Following an unprecedented level of engagement by the private client industry, the OTS published its wide-ranging review of IHT in July 2019. The report clearly, and in some detail, sets out the main complexities and technical issues arising from gifting, IHT and the current exemptions.
Numerous proposals are made within the OTS report and this article only considers some of the key proposals relating to lifetime gifts, Capital Gains Tax (CGT) and issues surrounding business property relief (BPR) and agricultural property relief (APR).
Currently the IHT rules say that if you make a gift within 7 years of your death, it falls back into your estate for the purposes of calculating IHT. If the gift is above the nil rate band allowance, taper relief will apply.
Under the current rules you can make annual gifts of up to £3,000 per year and carry forward the annual gift once, giving you a reduction of £6,000 against IHT. Small tax free gifts of £250 can be given each year to a recipient of your choice. You can also make gifts in consideration of marriage or civil partnership.
The recommendations in relation to the 7 year rule, abolition of taper relief and the proposed introduction of an overall personal gift allowance are sensible and to be welcomed. They would simplify the rules considerably and make it easier for individuals (and their advisers) to think about gifting and estate planning.
Unfortunately, the report did not go so far as to say that the nil rate band (currently at £325,000, where it has been for many years) should be increased or that the residence nil rate band (which is complex) be re-considered, merely noting that the latter is still very new and more time is needed to evaluate its effectiveness (or not!).
Generally (and probably reasonably), no capital gains tax is payable on death and where IHT otherwise applies.
The report suggests that the government should consider removing the CGT uplift where a relief or exemption from IHT applies, and instead the recipient should be deemed as having acquired the asset at the historic base cost from the person who has died.
In a sense, the recommendation is logical in that where an asset would be exempt from IHT anyway (due to the application of a relief or exemption), why shouldn't CGT still apply on a later disposal?
However, the recommendation is also quite radical and it would have a significant impact.

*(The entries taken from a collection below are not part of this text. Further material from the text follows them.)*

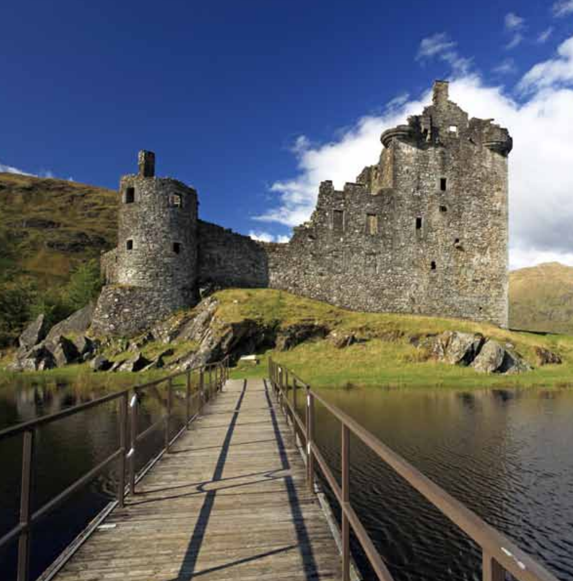
キルカーン城が建つ小島には、橋が架けられている。
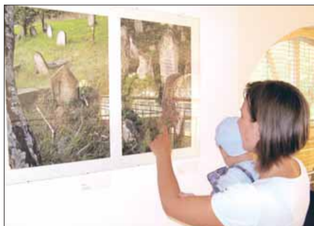
Výstava ve skleníku. Boskovický Zámecký skleník patřil během čtyř dnů festivalu fotografiím Ivana Prokopa. Ten se zabývá hlavně hudební a divadelní fotografií. Je autorem obalů audiovizuálních nosičů. Vystavený cyklus fotografií je výběrem z rozsáhlé kolekce mapující prolínání židovské a křesťanské kultury v tuzemsku.
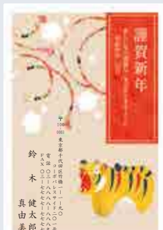
239 添書き・書体変更不可
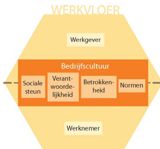
Figuur 2 De Werkvloer

De kern van de werkvloer wordt gevormd door de relatie tussen werkgever en werknemer. Samen vormen werkgever en werknemer de spil van de organisatie. Zij zijn dus ook de belangrijkste betrokken partijen wanneer het gaat om de preventie van beroepsziekten. Hoewel de werkgever en werknemer een relatie met elkaar hebben en dus verbonden zijn, is er ook een scheiding tussen de twee partners, onder andere op het gebied van de macht die de werkgever en werknemer hebben en de invloed die zij uit kunnen oefenen. Dat is grafisch weergegeven door de stippellijn in de figuur hierboven. Belangrijker nog is dat verschillende risicofactoren door hen in verschillende mate en op verschillende wijze zijn te beïnvloeden.
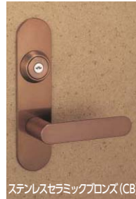
ステンレスセラミックブロンズ (CB)
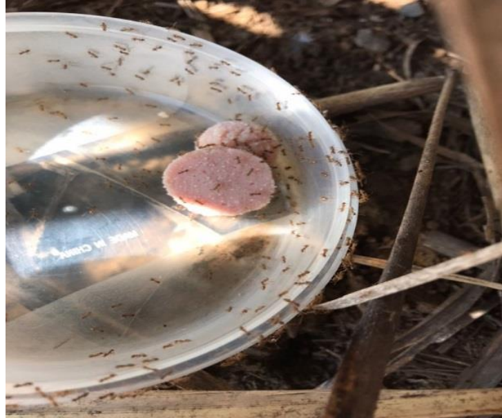
Trampas utilizadas para el monitoreo de hormiga loca ( Nylanderia fulva ). La Argentina, Grecia, Alajuela
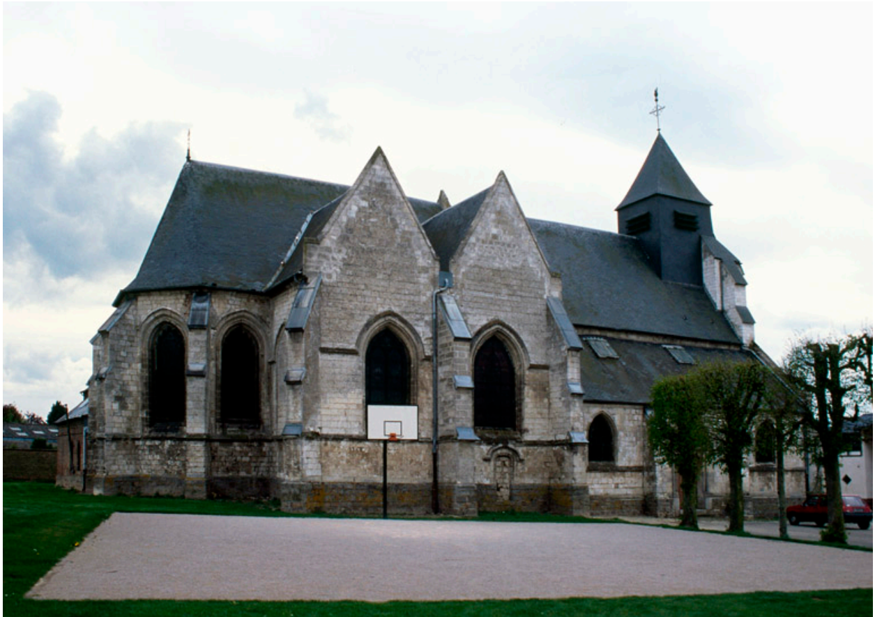
Vue générale depuis le nord-est.

The government should give this very careful consideration.
An estate can claim both BPR and APR from IHT. The reliefs are to prevent any break up of a company business following death of an owner and there are currently differing requirements needed to qualify for the exemptions in comparison to similar reliefs for CGT. A level of trading activity has to be evidenced for BPR to apply.

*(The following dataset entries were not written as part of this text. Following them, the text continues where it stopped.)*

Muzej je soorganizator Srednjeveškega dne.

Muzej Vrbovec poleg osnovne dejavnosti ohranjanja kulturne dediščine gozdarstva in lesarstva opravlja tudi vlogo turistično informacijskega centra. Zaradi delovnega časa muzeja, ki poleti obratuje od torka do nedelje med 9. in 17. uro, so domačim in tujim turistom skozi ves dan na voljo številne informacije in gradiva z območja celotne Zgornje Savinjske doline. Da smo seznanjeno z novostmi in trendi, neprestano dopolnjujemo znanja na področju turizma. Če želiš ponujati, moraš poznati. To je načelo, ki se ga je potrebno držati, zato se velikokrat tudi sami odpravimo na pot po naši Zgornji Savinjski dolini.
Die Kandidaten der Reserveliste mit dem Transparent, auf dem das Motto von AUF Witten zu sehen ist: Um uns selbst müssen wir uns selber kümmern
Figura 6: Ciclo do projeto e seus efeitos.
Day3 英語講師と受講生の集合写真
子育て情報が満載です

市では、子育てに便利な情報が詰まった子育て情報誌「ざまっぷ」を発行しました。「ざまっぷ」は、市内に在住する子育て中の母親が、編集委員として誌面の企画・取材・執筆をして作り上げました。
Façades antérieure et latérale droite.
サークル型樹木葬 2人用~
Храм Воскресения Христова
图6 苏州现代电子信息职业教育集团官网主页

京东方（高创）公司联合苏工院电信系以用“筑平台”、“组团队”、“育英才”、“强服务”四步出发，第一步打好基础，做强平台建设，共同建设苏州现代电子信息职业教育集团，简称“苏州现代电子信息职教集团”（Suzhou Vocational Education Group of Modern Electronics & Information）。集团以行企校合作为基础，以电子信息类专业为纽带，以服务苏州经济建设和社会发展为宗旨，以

Certainly any reform to APR (and HMRC's approach) would be most welcomed as the relief can be difficult for executors to claim, particularly with elderly or ill farmers.

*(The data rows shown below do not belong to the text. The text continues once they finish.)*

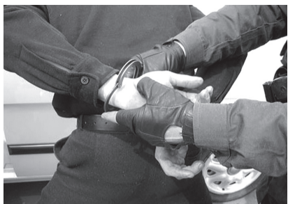
В БОГДАНОВИЧЕ ЗАДЕРЖАН РЕАЛИЗАТОР ГЕРОИНА
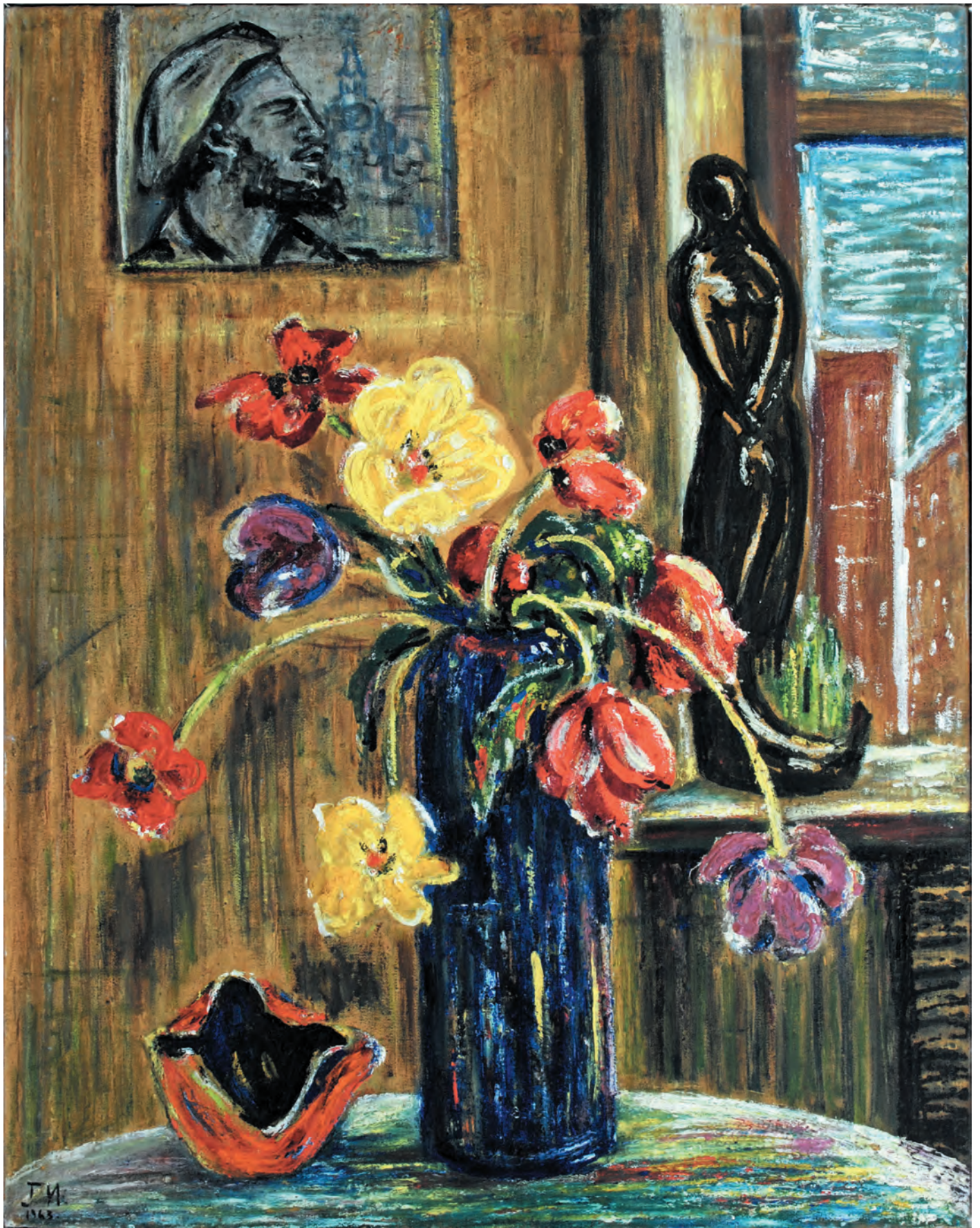
Иранпур Гюлли. Весна с портретом Ф. Кастро, 1963 г., холст, масло, 80х60,5 см, КП-4127, Ж-321
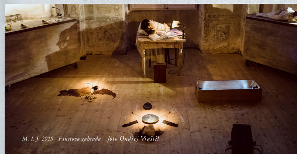
M. I. J. 2019 – Faustova zahrada – foto Ondřej Vraštil
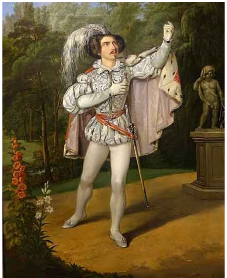
Titelfigur aus «Don Carlos» von Friedrich Schiller in einer Inszenierung von ca. 1840

Dieses Beziehungsgefüge kann sich im Lauf der Handlung mehrfach ändern.
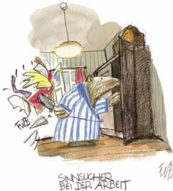
F.W. Bernstein, Sinnsucher bei der Arbeit , (Jahr?) Mischtechnik auf Papier, 50 x 40 cm
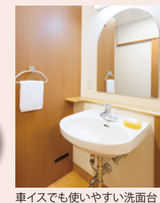
車イスでも使いやすい洗面台
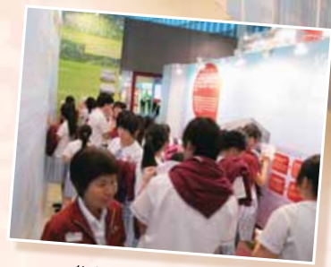
參觀機場世博展覽
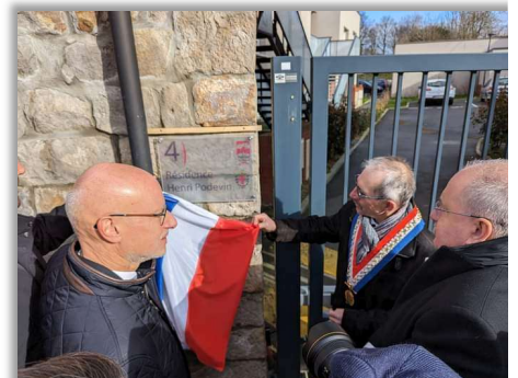
La résidence Henri Podevin

Bravo à toutes celles et ceux qui ont contribué à l'aboutissement de ces projets amorcés il y a plusieurs années.
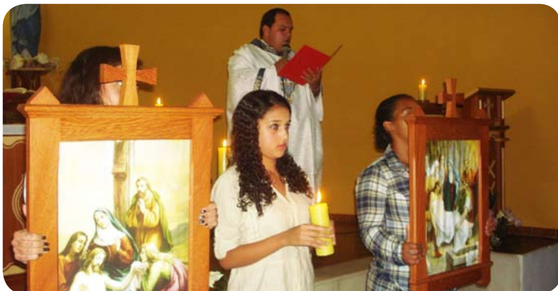
Festa de Nossa Senhora das Dores.

Após mais de 10 anos, os quadros da Via-Sacra retornaram às paredes da igreja
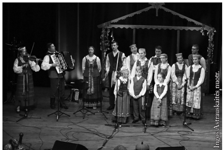
Lenkijos lietuvių etninės kultūros draugijos folkloro ansamblis „Alna“
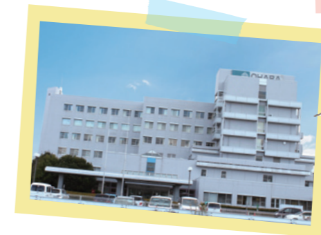
腎臓内科をはじめ8つの科目を備えた大原医療センター
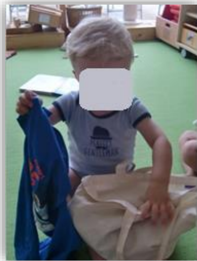
J. legt den Pullover in seinen Stoffbeutel; Quelle: Stadt Stuttgart

jetzt zusammen den Pullover ausziehen. Nach dem Ausziehen legt J. seinen Pullover in den Stoffbeutel und sieht fröhlich zur pädagogischen Fachkraft. Er ruft „Schafft!“ und legt seinen Beutel an die Seite. Pflege-, Essens- und Schlafzeiten sind bedeutsame pädagogische Schlüsselsituationen, die einen hohen Stellenwert im Kleinkindbereich einnehmen. Diese Situationen werden von pädagogischen
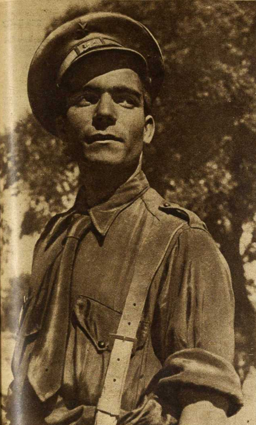
El teniente "Sevilla" es uno de los magníficos tipos que se encuentran al recorrer las trincheras populares. "Valiente, me repiten constantemente los jefes, y con una historia llena de incidentes que él convierte en divertidos, a pesar que nunca fueran agradables"
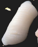
ジャンボ 紋甲いか(1貫)
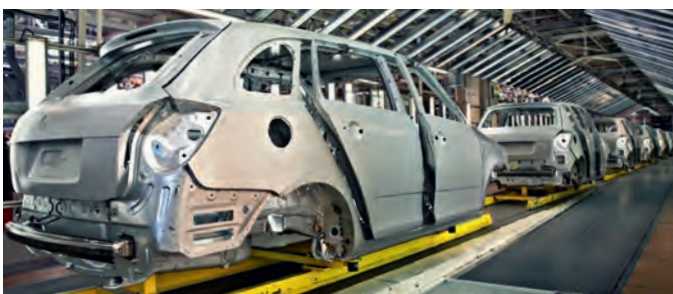
Industria del automóvil - Masillas
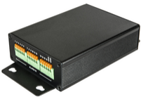
46936.001 - Extension alarme USB
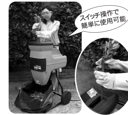
スイッチ操作で簡単に使用可能
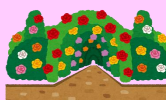
桂坂園芸まちづくり構想

コラボレーション企画 西総合フラワーロード 西総合屋上農園 桂坂市民ファームガーデン 薔薇いっぱい街づくり 小学校、中学校、児童館、 保育園、福祉施設のコラボ
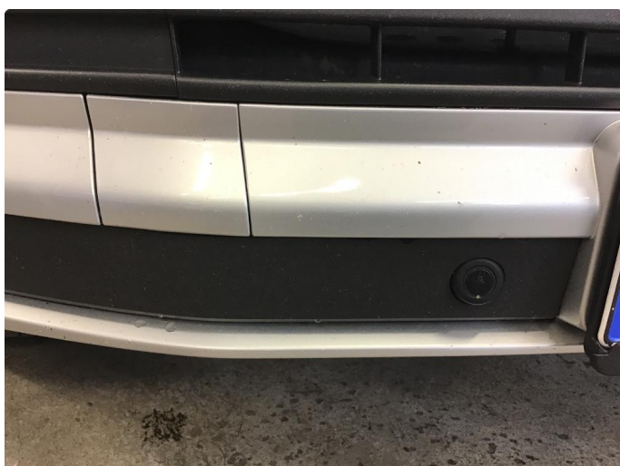
1.3 Noe steinsprut
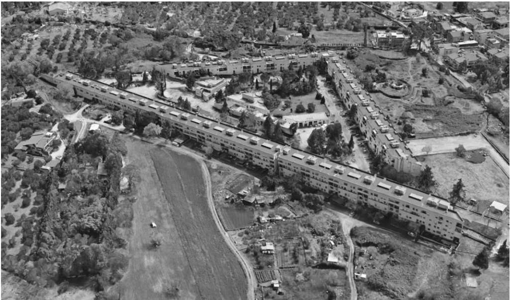
Figura 3: Veronica Strippoli, Vista aérea del sistema urbano del barrio “Adrianella” , (Google Earth).

Lo que hoy emerge es la presente necesidad de repristinar la centralidad del núcleo de los servicios evocando, sin reconstruirlos, el valor cumplido de un micro tejido urbano (fig. 3-4).

The recommendations in relation to BPR are potentially significant. Aligning the BPR trading test with the tests for gift holdover relief and entrepreneurs' relief would be a simplification but may also make it harder to claim BPR.
The report also notes that the availability of BPR for AIM shares may not be in line with the policy behind BPR generally (to prevent farms or businesses being broken up). It stops short of making any particular recommendations but if BPR was removed from AIM shares that would have a sizeable impact on IHT planning and investment management.
The recommendations around the inconsistencies of the treatment of LLPs and holding companies are also welcome.
Generally the recommendations are sensible and deserve a (cautious) welcome from individuals and advisers. However, it will be interesting to see how the proposals are taken forward (if at all) and the eventual impact on an individual's estate planning and IHT could be significant.